(Dataset excerpts)
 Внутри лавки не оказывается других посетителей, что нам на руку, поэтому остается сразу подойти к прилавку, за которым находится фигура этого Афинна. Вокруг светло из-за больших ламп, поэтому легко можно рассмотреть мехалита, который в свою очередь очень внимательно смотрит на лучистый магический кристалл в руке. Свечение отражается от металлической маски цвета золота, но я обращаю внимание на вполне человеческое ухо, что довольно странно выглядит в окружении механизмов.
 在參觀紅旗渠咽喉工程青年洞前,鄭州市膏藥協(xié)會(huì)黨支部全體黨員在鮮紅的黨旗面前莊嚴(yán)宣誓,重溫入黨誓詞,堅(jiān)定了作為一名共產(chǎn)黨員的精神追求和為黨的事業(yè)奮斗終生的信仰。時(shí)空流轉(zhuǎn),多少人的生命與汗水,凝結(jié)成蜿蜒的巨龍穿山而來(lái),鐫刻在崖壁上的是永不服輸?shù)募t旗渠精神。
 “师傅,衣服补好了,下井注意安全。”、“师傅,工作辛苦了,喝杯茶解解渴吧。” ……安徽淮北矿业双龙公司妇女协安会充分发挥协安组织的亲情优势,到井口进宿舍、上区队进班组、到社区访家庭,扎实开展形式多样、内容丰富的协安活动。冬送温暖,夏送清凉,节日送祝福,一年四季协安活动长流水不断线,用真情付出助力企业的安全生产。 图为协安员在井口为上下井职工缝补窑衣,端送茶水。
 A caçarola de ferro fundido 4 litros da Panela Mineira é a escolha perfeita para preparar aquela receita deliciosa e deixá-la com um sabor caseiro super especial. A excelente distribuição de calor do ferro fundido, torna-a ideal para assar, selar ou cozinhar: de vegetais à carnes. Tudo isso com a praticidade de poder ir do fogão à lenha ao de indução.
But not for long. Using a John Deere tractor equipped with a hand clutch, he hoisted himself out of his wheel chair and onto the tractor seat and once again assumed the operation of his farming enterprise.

* * *

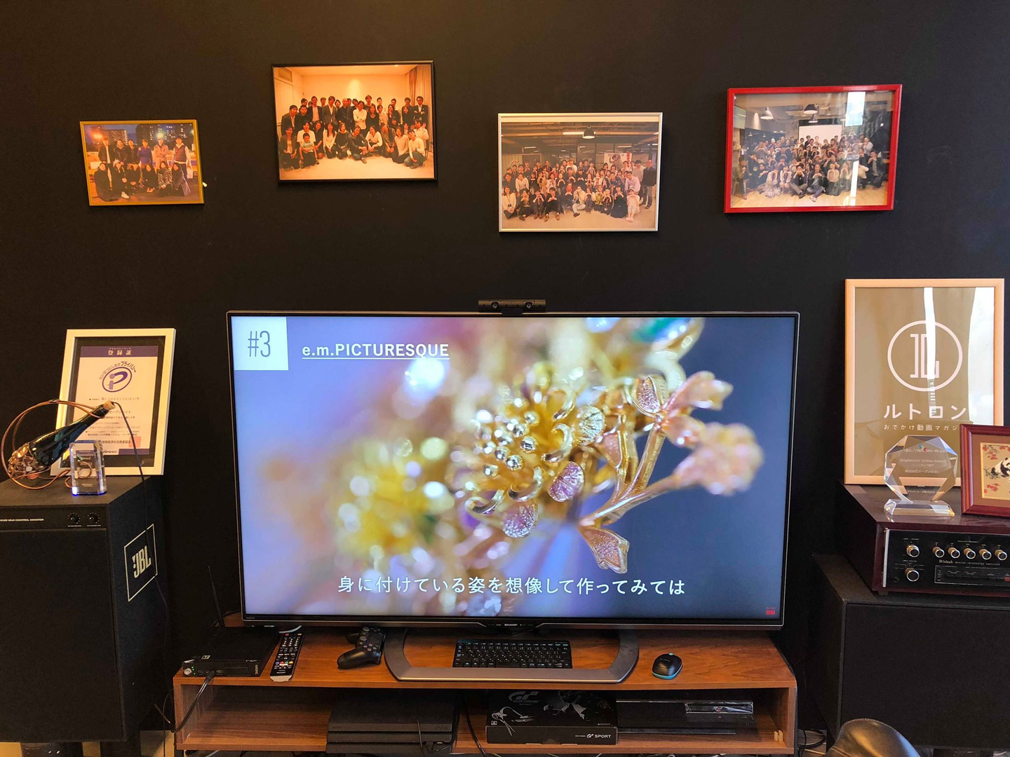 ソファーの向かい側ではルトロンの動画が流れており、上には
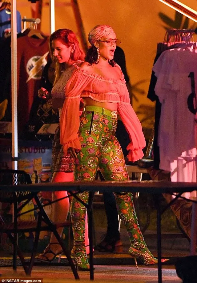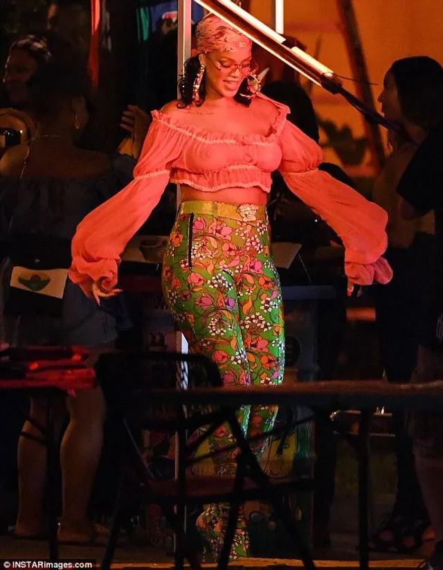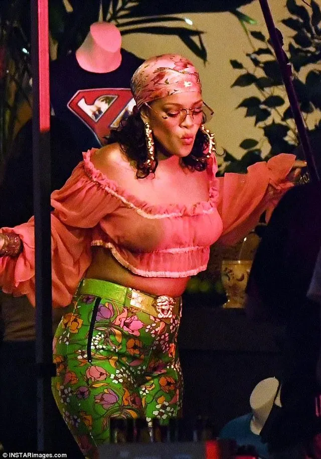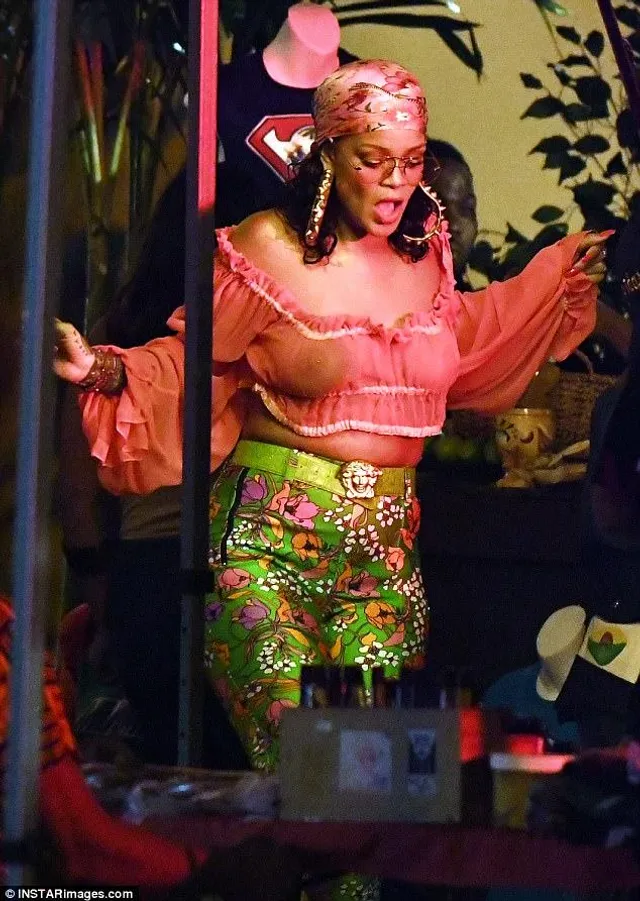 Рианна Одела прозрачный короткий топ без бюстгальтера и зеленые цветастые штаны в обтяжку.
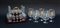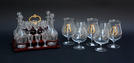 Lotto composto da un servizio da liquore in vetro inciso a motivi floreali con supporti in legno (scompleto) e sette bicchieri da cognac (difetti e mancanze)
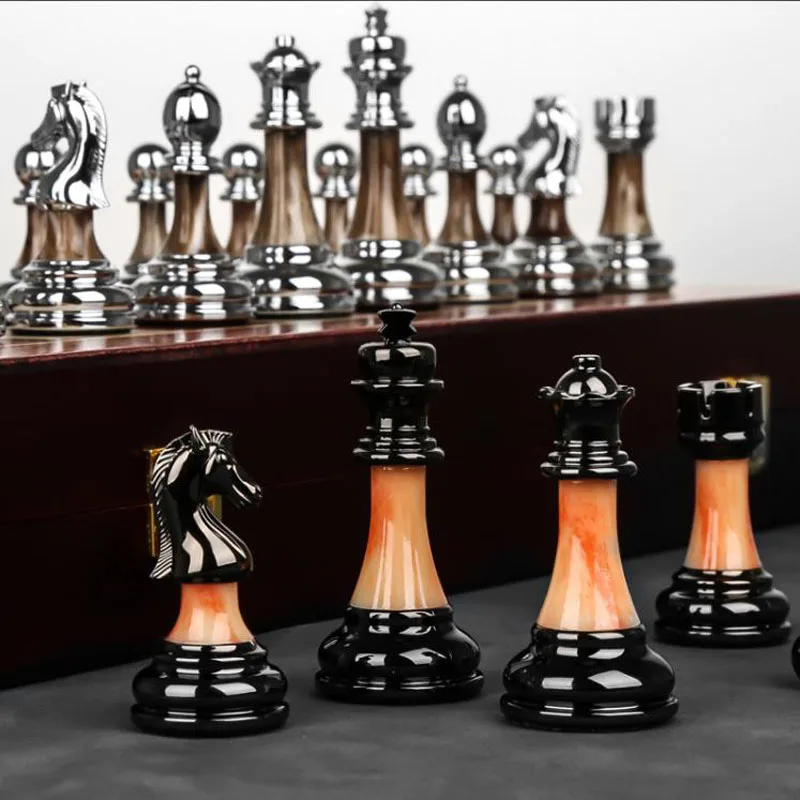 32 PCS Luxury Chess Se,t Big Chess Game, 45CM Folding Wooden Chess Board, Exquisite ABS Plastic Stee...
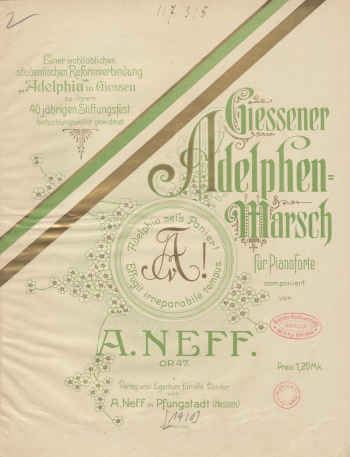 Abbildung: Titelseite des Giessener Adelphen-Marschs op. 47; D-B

(EXERCISE REQUIREMENTS):
Nothing but the lines above from the line with "Lotto composto da" up to and including the line with "Abbildung: Titelseite des" should be returned, exactly as written and without pictures.

(OUTPUT FOR THIS EXERCISE):
 Lotto composto da un servizio da liquore in vetro inciso a motivi floreali con supporti in legno (scompleto) e sette bicchieri da cognac (difetti e mancanze)
 32 PCS Luxury Chess Se,t Big Chess Game, 45CM Folding Wooden Chess Board, Exquisite ABS Plastic Stee...
 Abbildung: Titelseite des Giessener Adelphen-Marschs op. 47; D-B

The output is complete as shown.